John Ingham: there’s a plaque with more boring stuff outside of this new park.
Also involved with anthracite coal, canals and he was a member of the Pennsylvania House of Representatives, a Justice of the Peace, a member of United States House of Representatives, a prothonotary (yeah I know, what’s that even my spell check doesn’t know), Secretary of the Commonwealth of Pennsylvania , Secretary of the US Treasury
Involved in The Petticoat Affair, aka Eaton affair which was a political scandal involving members of President Andrew Jackson's Cabinet and their wives.
Eaton challenged Ingham to a duel through Eaton's brother in law, Dr. Philip G. Randolph, who visited Ingham twice and the second time threatened him with personal harm if he did not comply with Eaton's demands. Randolph was dismissed, and the next morning Ingham sent a note to Eaton discourteously declining the invitation and describing his situation as one of "pity and contempt."

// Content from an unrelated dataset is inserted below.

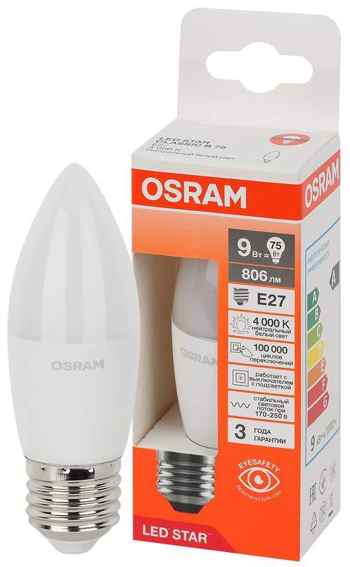 Лампа светодиодная LED Star 9Вт 4000К нейтр. бел. E27 806лм B угол пучка 200град. 170-250В (замена 75Вт) матов. пластик OSRAM 4058075697072

Eaton wrote a letter back to Ingham accusing him of cowardice. Ingham was then informed that Eaton, Randolph, and others were looking to assault him. He gathered together his own bodyguard and was not immediately molested. However, he reported that for the next two nights Eaton and his men continued to lurk about his dwelling and threaten him. He then left the city and returned safely to his home. And so on...
There's actually a book: The Petticoat Affair: Manners, Mutiny, and Sex in Andrew Jackson's Whitehouse.
And you thought our politics are weird?